NASHVILLE (SkullGame) - KEITH URBAN has checked himself into a rehabilitation treatment center for alcohol abuse, less than four months after the Grammy-winning country singer's marriage to actress NICOLE KIDMAN.

Urban released a statement Friday that said he entered rehab Thursday night with his wife by his side.
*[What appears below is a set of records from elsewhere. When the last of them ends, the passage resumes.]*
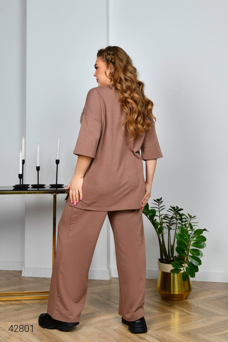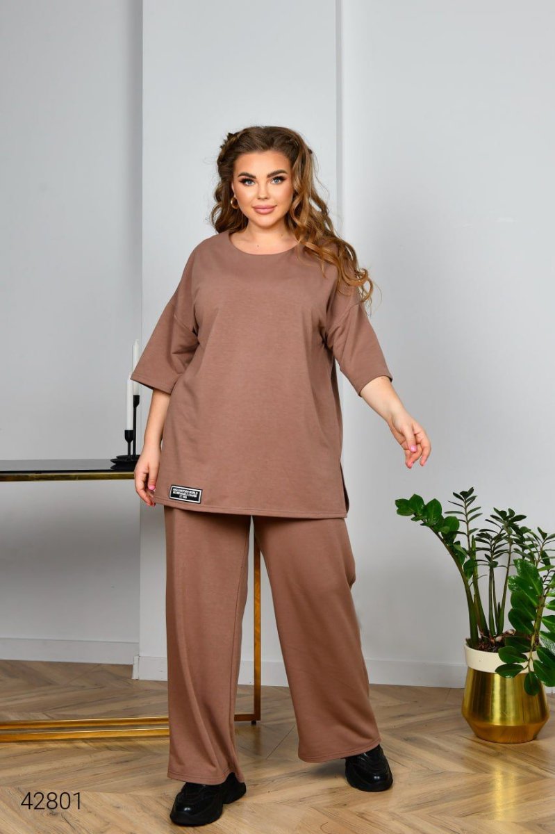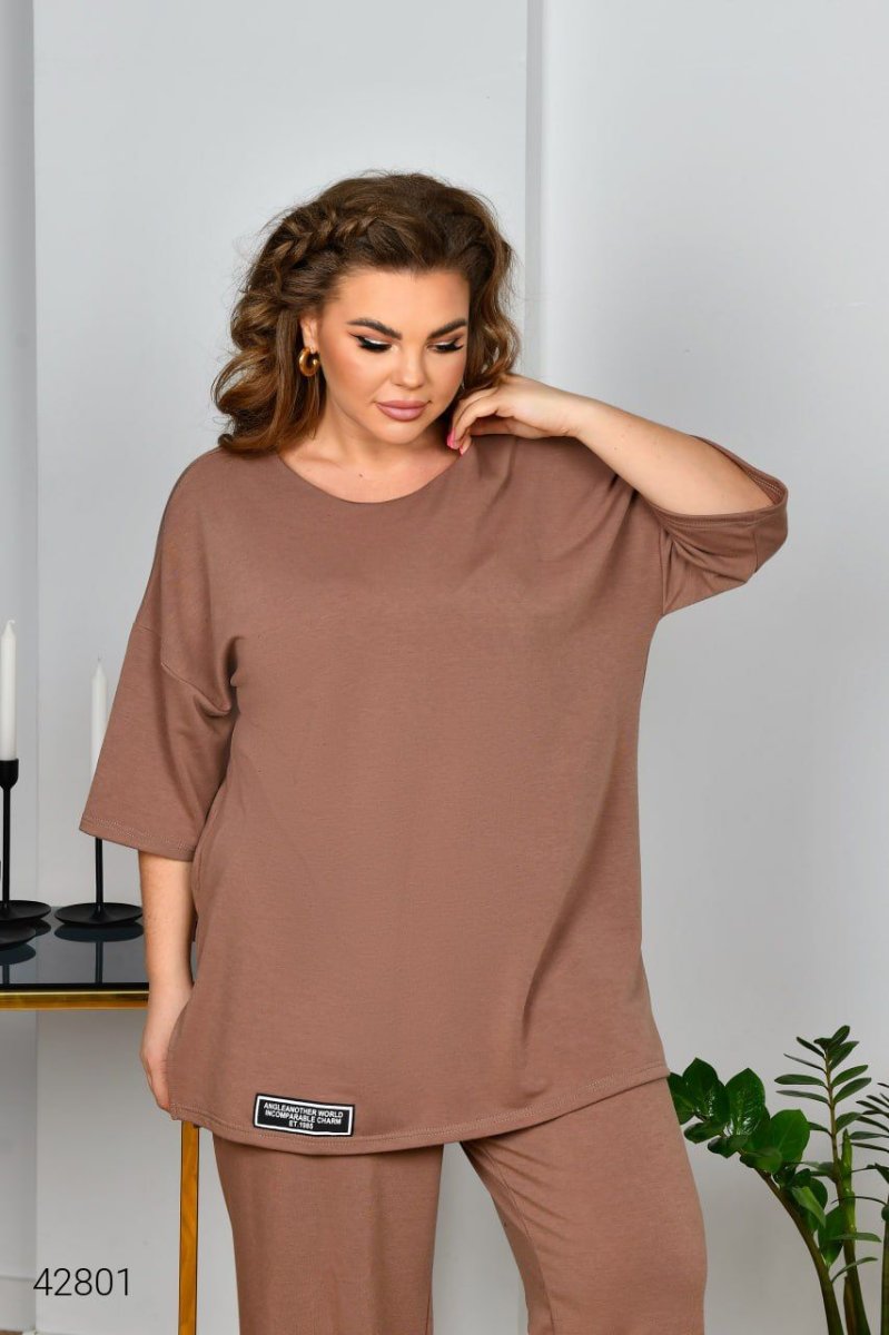 Женский костюм больших размеров. Туника прямого свободного силуэта. Вырез горловины круглый. Линия плеча спущена, рукав прямой, длиной 3/4. Низ оформлен двумя разрезами по бокам. Туника декорирована качественной нашивкой. Штаны прямого силуэта, по талии собраны на резинку. В боковых швах обработаны карманы.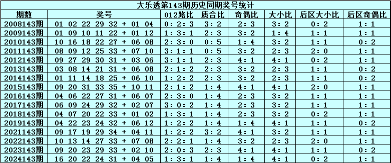 体彩大乐透第2025143期历史同期开奖号码分析: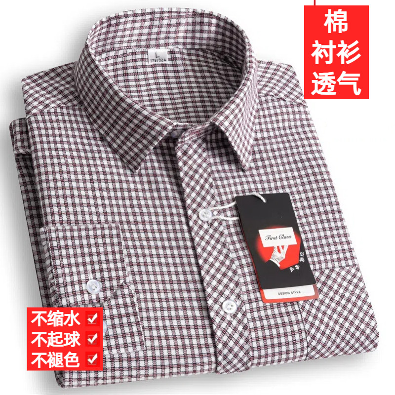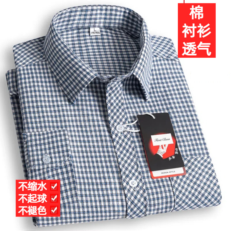 纯棉100%格子衬衫男长袖休闲风透气免烫抗皱宽松衬衣有口袋爸爸装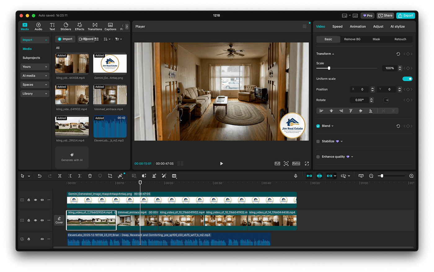 Import all your AI-generated clips and your voiceover into your video editor of choice. In the screenshot below, I used CapCut because it’s fast and free, but you can use Premiere or DaVinci if you prefer. This is also the right time to slap your agency logo or contact info on the footage.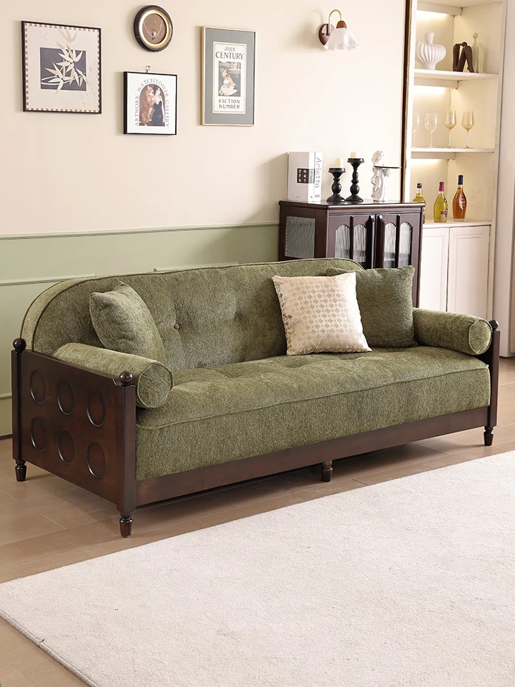 フレンチスタイルの無垢材ソファ|アメリカンカントリー風|小さなリビングにぴったりな布張り3人掛けソファ|オーク材使用のヴィンテージ風別荘ソファ|おしゃれで快適な空間を演出します!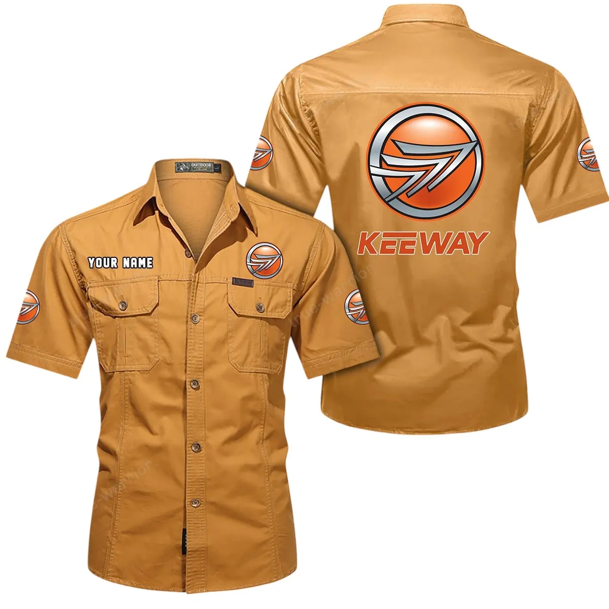 Keeway Motorcycles Short Sleeved Shirt, All Over Print Button Shirt CAR444052625850 - Khaki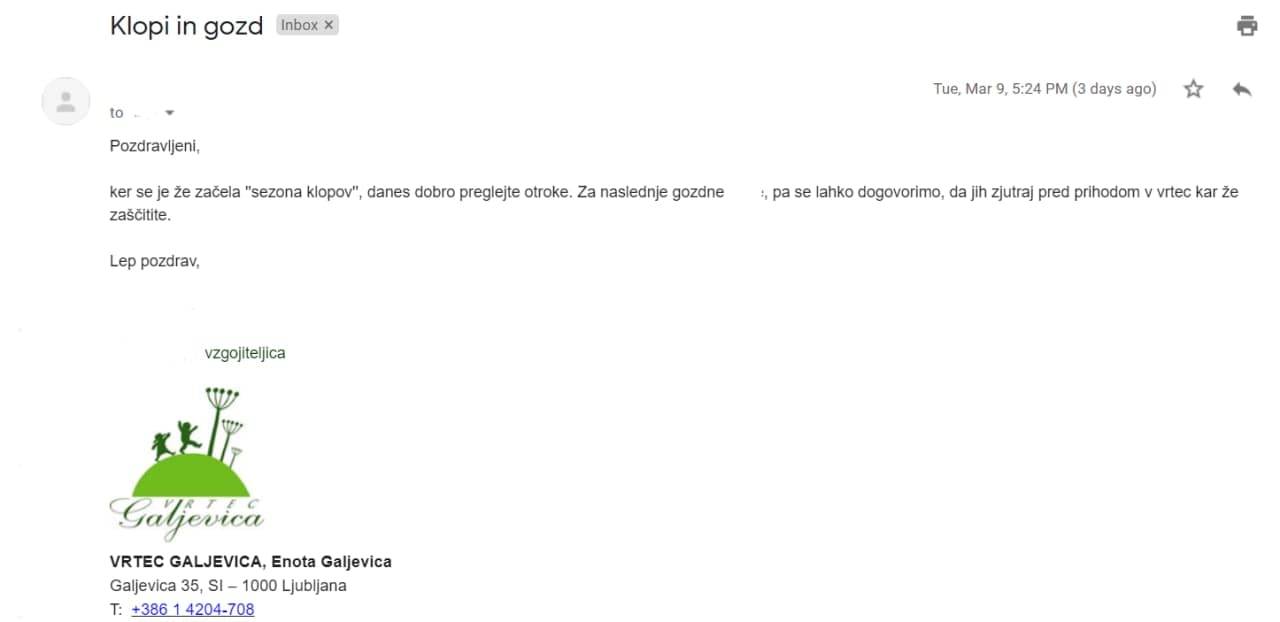 Z dvigom temperatur spomladi se ob cvetlicah počasi prebujajo tudi klopi. V uredništvo smo prejeli obvestilo, da eden izmed ljubljanskih vrtcev že poziva starše, naj pregledujejo svoje otroke, za naslednje gozdne dogodivščine v okviru vrtca pa priporoča, da jih tudi ustrezno zaščitijo.
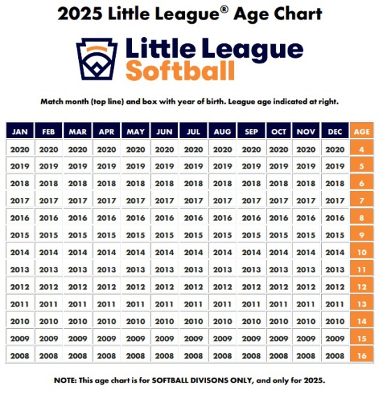 If you're not sure what your daughter's league age is, see the 2025 Little League Age Chart below.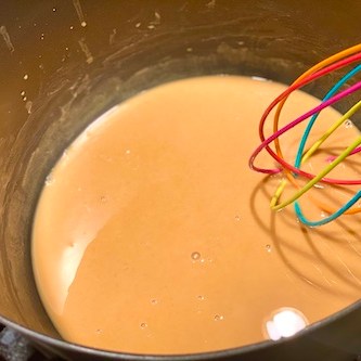 Back to the roux: use a long heat-resistant whisk; the heat really builds up over time. I started off with a small whisk and graduated up as the roux heated up.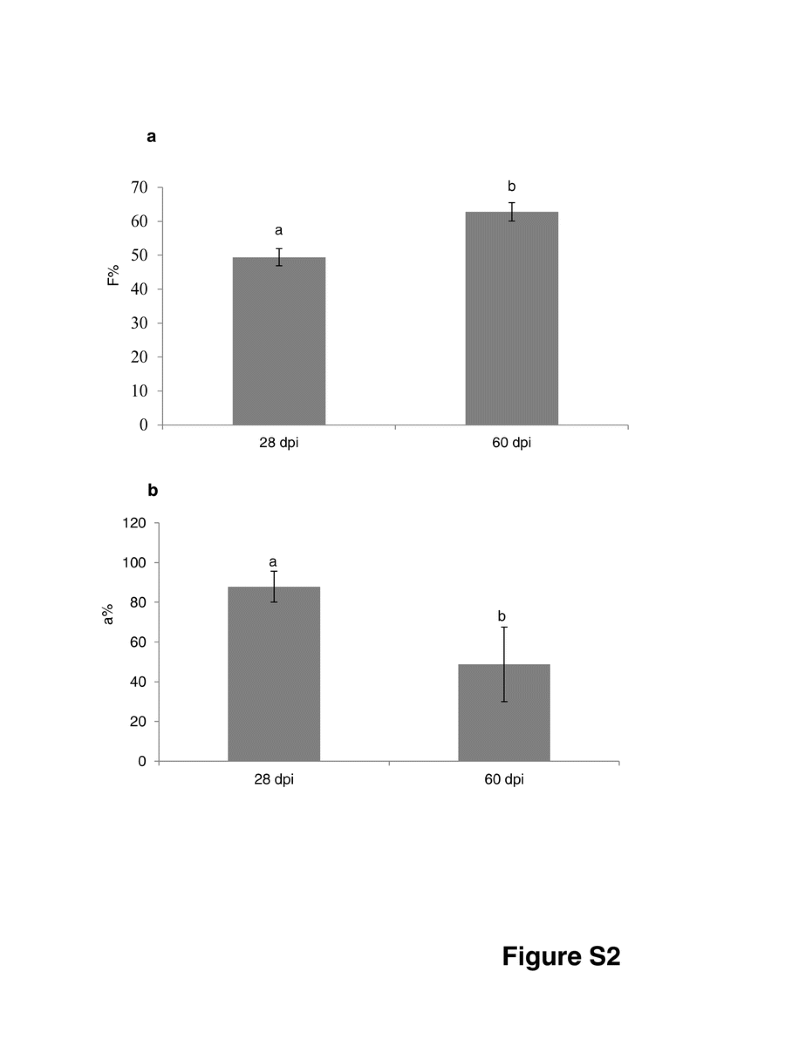 Colonization level of M. truncatula roots at 28 and 60 days post inoculation (dpi) assessed accordingly to Trouvelot et al. (1986). F%: frequency of mycorrhization in the root system (a), a%: arbuscules abundance in mycorrhizal parts of root fragments (b). Different letters indicate statistically significant difference (p < 0.05 ANOVA, Tukey’s post-hoc test) (GIF 17 kb)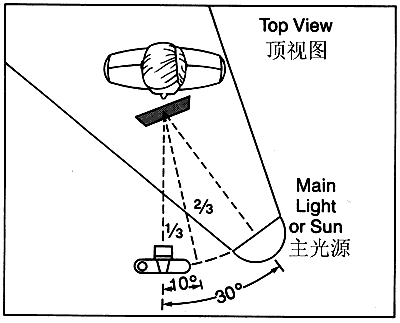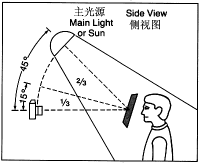 在人工光源條件下,將灰卡置于盡可能接近被攝對象的位置上。將灰卡的表面正對相機和主光源夾角的1/3方向。舉例說明,若主光源位于相機右側30度及相機與被攝對象連線的上方45度角度位置,那么應當將灰卡表面對準相機右側10度和上方15度的方向。參見圖1和圖2。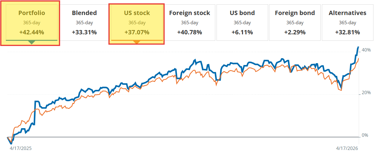 My total return over the last 365 days has reached 42.44%, which significantly outperforms the broader US stock market return of 37.07% during the same period. This outperformance is the direct result of a focused strategy that balances aggressive technology growth with high yield income engines.

His publicist would not give the location of the rehab center.

"I deeply regret the hurt this has caused Nicole and the ones that love and support me, but when I realized that I married a goddamned cast-off of Tom Cruise's...well...I don't think there's a man alive that'd blame me for having a lil' drinkipoo." Urban said in the statement.

Urban, who turns 39 on Oct. 26, has publicly acknowledged a former addiction to cocaine, crack, heroin, crystal meth, robitussen D/M cough syrup, McDonalds McShamrock shakes and "scooby snacks" but his publicist said Urban was currently being treated for alcohol abuse.

"One can never let one's guard down on recovery, and I'm afraid that I have," the statement reads. "But it's not my fault. One thing that I learned from being an addict that it's NEVER my fault. It's just NOT. I mean...just LOOK at me. I'm a successful, handsome white guy. I've got everything to lose, you think I'm gonna fuck that up? No way, jose. I mean, I could see if I was some goddamned minority, but I'm not."

A Country Weekly magazine reader poll this year named him country music's sexiest man.
His new CD, "Love, Pain, & the whole crazy thing," will be released Nov. 7 as scheduled, but he will postpone all upcoming promotional appearances.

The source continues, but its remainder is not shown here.